PROVIDED INFORMATION —

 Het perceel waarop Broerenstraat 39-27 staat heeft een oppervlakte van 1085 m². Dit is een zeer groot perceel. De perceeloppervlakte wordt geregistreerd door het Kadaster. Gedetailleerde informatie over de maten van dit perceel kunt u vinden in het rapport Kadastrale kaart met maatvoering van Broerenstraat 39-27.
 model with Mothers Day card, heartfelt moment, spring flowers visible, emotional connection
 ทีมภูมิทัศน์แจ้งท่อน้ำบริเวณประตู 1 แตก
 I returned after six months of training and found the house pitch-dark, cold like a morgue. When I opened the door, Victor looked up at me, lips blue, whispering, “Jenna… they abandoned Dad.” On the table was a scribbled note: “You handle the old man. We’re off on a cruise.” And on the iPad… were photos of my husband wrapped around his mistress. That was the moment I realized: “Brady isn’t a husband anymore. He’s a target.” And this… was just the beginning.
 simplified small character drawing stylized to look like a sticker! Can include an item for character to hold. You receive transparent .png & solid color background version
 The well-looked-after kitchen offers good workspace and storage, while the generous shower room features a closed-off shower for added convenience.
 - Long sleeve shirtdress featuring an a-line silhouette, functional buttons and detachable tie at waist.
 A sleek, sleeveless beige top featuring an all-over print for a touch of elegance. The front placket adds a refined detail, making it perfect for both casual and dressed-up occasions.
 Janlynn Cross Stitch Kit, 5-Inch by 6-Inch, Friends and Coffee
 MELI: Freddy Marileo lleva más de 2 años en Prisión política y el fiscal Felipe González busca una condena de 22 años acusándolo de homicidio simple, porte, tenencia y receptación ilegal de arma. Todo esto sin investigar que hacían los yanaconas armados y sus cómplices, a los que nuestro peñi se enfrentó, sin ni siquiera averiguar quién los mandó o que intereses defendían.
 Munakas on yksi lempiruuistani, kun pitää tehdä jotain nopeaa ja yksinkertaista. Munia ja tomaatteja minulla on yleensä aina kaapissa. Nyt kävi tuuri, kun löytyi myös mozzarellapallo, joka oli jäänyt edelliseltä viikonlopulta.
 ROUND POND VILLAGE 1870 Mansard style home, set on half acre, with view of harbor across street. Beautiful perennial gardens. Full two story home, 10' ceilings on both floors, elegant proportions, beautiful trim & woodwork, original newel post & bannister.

PROBLEM DESCRIPTION —
Print the listing above from its first line through the line with "Munakas on yksi", and stop there.

OUTPUT OF THE TASK —
 Het perceel waarop Broerenstraat 39-27 staat heeft een oppervlakte van 1085 m². Dit is een zeer groot perceel. De perceeloppervlakte wordt geregistreerd door het Kadaster. Gedetailleerde informatie over de maten van dit perceel kunt u vinden in het rapport Kadastrale kaart met maatvoering van Broerenstraat 39-27.
 model with Mothers Day card, heartfelt moment, spring flowers visible, emotional connection
 ทีมภูมิทัศน์แจ้งท่อน้ำบริเวณประตู 1 แตก
 I returned after six months of training and found the house pitch-dark, cold like a morgue. When I opened the door, Victor looked up at me, lips blue, whispering, “Jenna… they abandoned Dad.” On the table was a scribbled note: “You handle the old man. We’re off on a cruise.” And on the iPad… were photos of my husband wrapped around his mistress. That was the moment I realized: “Brady isn’t a husband anymore. He’s a target.” And this… was just the beginning.
 simplified small character drawing stylized to look like a sticker! Can include an item for character to hold. You receive transparent .png & solid color background version
 The well-looked-after kitchen offers good workspace and storage, while the generous shower room features a closed-off shower for added convenience.
 - Long sleeve shirtdress featuring an a-line silhouette, functional buttons and detachable tie at waist.
 A sleek, sleeveless beige top featuring an all-over print for a touch of elegance. The front placket adds a refined detail, making it perfect for both casual and dressed-up occasions.
 Janlynn Cross Stitch Kit, 5-Inch by 6-Inch, Friends and Coffee
 MELI: Freddy Marileo lleva más de 2 años en Prisión política y el fiscal Felipe González busca una condena de 22 años acusándolo de homicidio simple, porte, tenencia y receptación ilegal de arma. Todo esto sin investigar que hacían los yanaconas armados y sus cómplices, a los que nuestro peñi se enfrentó, sin ni siquiera averiguar quién los mandó o que intereses defendían.
 Munakas on yksi lempiruuistani, kun pitää tehdä jotain nopeaa ja yksinkertaista. Munia ja tomaatteja minulla on yleensä aina kaapissa. Nyt kävi tuuri, kun löytyi myös mozzarellapallo, joka oli jäänyt edelliseltä viikonlopulta.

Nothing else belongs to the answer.